» ASSIGNMENT:
Quote every line below exactly and skip any picture.

» COLLECTED MATERIAL:
—————

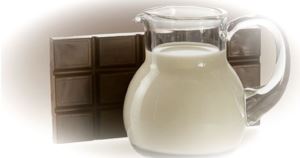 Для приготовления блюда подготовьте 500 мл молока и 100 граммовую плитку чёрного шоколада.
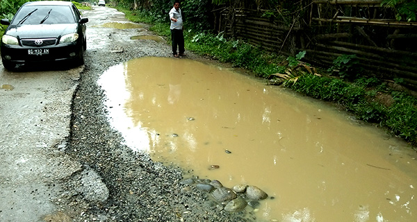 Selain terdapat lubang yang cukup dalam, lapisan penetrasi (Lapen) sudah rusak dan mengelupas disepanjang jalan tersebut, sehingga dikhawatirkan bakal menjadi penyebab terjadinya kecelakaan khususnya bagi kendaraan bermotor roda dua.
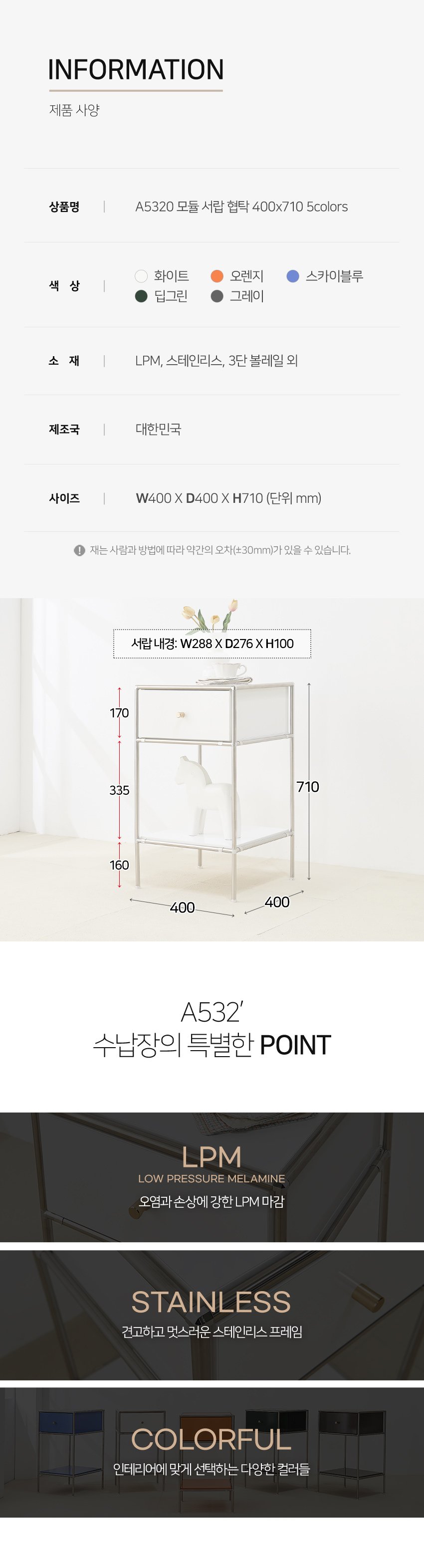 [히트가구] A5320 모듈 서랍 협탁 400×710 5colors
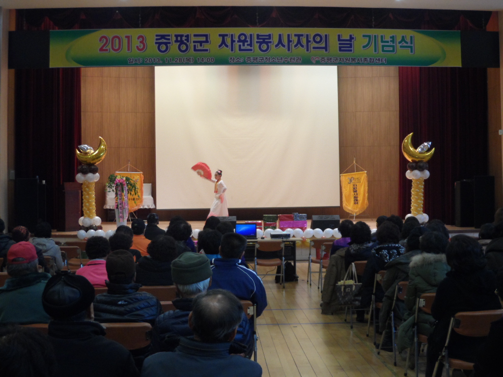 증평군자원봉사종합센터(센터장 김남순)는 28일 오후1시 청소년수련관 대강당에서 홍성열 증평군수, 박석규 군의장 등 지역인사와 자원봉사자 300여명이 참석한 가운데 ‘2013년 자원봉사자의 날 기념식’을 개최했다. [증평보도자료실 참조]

—————

» SOLUTION TO THIS PROBLEM:
 Для приготовления блюда подготовьте 500 мл молока и 100 граммовую плитку чёрного шоколада.
 Selain terdapat lubang yang cukup dalam, lapisan penetrasi (Lapen) sudah rusak dan mengelupas disepanjang jalan tersebut, sehingga dikhawatirkan bakal menjadi penyebab terjadinya kecelakaan khususnya bagi kendaraan bermotor roda dua.
 [히트가구] A5320 모듈 서랍 협탁 400×710 5colors
 증평군자원봉사종합센터(센터장 김남순)는 28일 오후1시 청소년수련관 대강당에서 홍성열 증평군수, 박석규 군의장 등 지역인사와 자원봉사자 300여명이 참석한 가운데 ‘2013년 자원봉사자의 날 기념식’을 개최했다. [증평보도자료실 참조]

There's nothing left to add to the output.